Dann aber biegt ein Pritschenwagen mit sowjetischen Soldaten um die Ecke, die bester Laune nach Schnaps fragen. Götz Bergander erinnert sich an diesen Moment: “Auf dem Fabrikhof wurde es lauter und immer voller, es kamen viele sowjetische Soldaten, Fremdarbeiter aus einem Lager ganz in der Nähe, Kriegsgefangene und auch Deutsche.“ Manche geben sich jovial, andere tragen rote Armbinden und rufen "Ich Kommunist!".

Die meisten Frauen haben sich versteckt, sie haben Angst vor den Massenvergewaltigungen, die sich entlang der vordringenden Roten Armee zugetragen haben. An diesem 8. Mai 1945 aber haben die sowjetischen Soldaten etwas anderes im Sinn. Götz Bergander erinnert sich daran, wie es im Weinkeller zuging: “Zwischen den Regalen rauften die Soldaten um die Flaschen und jeder schleppte davon, so viel er konnte.“

Anna

Götz Bergander hat Angst vor dem Moment, an dem kein Schnaps mehr da ist und die Soldaten gewalttätig werden. Aber ein sowjetischer Offizier rettet die Situation, macht Götz' Vater kurzer Hand zum Direktor mit der Aufgabe, auch in Zukunft für genügend Schnaps zu sorgen. Derweil ist Anna verschwunden. Sie hat Angst vor ihren Landsleuten, weil sie wegen Kollaboration mit dem Feind angeklagt und zum Tod verurteilt werden könnte.
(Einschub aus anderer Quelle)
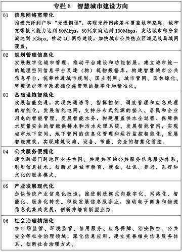 統(tǒng)籌城市發(fā)展的物質(zhì)資源、信息資源和智力資源利用,推動物聯(lián)網(wǎng)、云計算、大數(shù)據(jù)等新一代信息技術(shù)創(chuàng)新應(yīng)用,實現(xiàn)與城市經(jīng)濟(jì)社會發(fā)展深度融合。強(qiáng)化信息網(wǎng)絡(luò)、數(shù)據(jù)中心等信息基礎(chǔ)設(shè)施建設(shè)。促進(jìn)跨部門、跨行業(yè)、跨地區(qū)的政務(wù)信息共享和業(yè)務(wù)協(xié)同,強(qiáng)化信息資源社會化開發(fā)利用,推廣智慧化信息應(yīng)用和新型信息服務(wù),促進(jìn)城市規(guī)劃管理信息化、基礎(chǔ)設(shè)施智能化、公共服務(wù)便捷化、產(chǎn)業(yè)發(fā)展現(xiàn)代化、社會治理精細(xì)化。增強(qiáng)城市要害信息系統(tǒng)和關(guān)鍵信息資源的安全保障能力。

Aber dann kommt sie noch einmal wieder, drückt Götz Bergander einen Korb mit Lebensmitteln in die Hand. “Ich hatte immer zu ihr gesagt, dass ich erschossen werde, wenn die Russen kommen. Nein Du wirst nicht erschossen, hatte sie entgegnet. Ihre Leute seien nicht so schlimm. Und jetzt, siehe da, sagte sie, Du lebst!"

Ich bejahte, dass ich noch lebe würde. Das war das letzte, was ich von Anna hörte. "Danach habe ich nie wieder etwas von ihr gehört."

Wie in einer Kiste

Bild der verwüsteten Wohnung der Familie Bergander in Dresden nach den Bombenangriffen vom 14. und 15. Februar 1945. (Foto: Götz Bergander)
Die verwüstete Wohnung nach den BombenangriffenBild: Götz Bergander

Drei Monate zuvor hatte Götz Bergander die schweren Luftangriffe auf Dresden überlebt. Am Mittag des 14. Februar 1945 steht er mit anderen auf dem Hof der Fabrik. Auf der Straße liefen blutverschmierte Menschen ins nahegelegene Krankenhaus, als plötzlich jemand ruft: “Ich hör es wieder Brummen!“ So schnell es geht, laufen alle in den Luftschutzkeller der Firma.

Wenige Minuten später beginnt der Tagesangriff anglo-amerikanischer Bomberverbände, die weite Teile Dresdens in Schutt und Asche legen. Im Luftschutzkeller hört man die Detonationen: “Man hatte das Gefühl, in einer Kiste zu sitzen und rundherum wird dauernd auf die Kiste geschlagen - mal entfernt, mal näher.“

Im Keller breiten sich dichte Staubwolken aus. Jedes Mal, wenn die Einschläge in unmittelbarer Nähe sind, werfen sie sich auf den Boden des Kellers - Stunden der Todesangst.

Glück im Unglück

Dresden, 16. Januar 1945. Brennende Treibstoffwaggongs an der Magdeburger Straße nach dem Luftangriff am Mittag. Im Hindergrund die noch unzerstörte Zigarettenfabrik Yenidze und der Schloßturm. (Foto: Götz Bergander)
Dresden brennt nach den alliierten Bombenangriffen vom 16. Januar 1945Bild: Götz Bergander

Die Ruhe nach dem Bombardement wird von den Kommandos und den Schreien der Löschkommandos abgelöst. Es müssen Funken ausgeschlagen werden, die für die nicht getroffenen Häuser genauso gefährlich werden können wie die Bomben selber.

Überall brannte es. Das Haus hatte keinen Dachstuhl mehr, die Fenster waren zerborsten, aber die Mauern hielten stand. "Dann sahen wir, dass keine zehn Meter um unser Haus herum drei Sprengbomben gefallen waren. Unser Haus ist stehen geblieben. Das ist für mich heute noch ein Wunder!"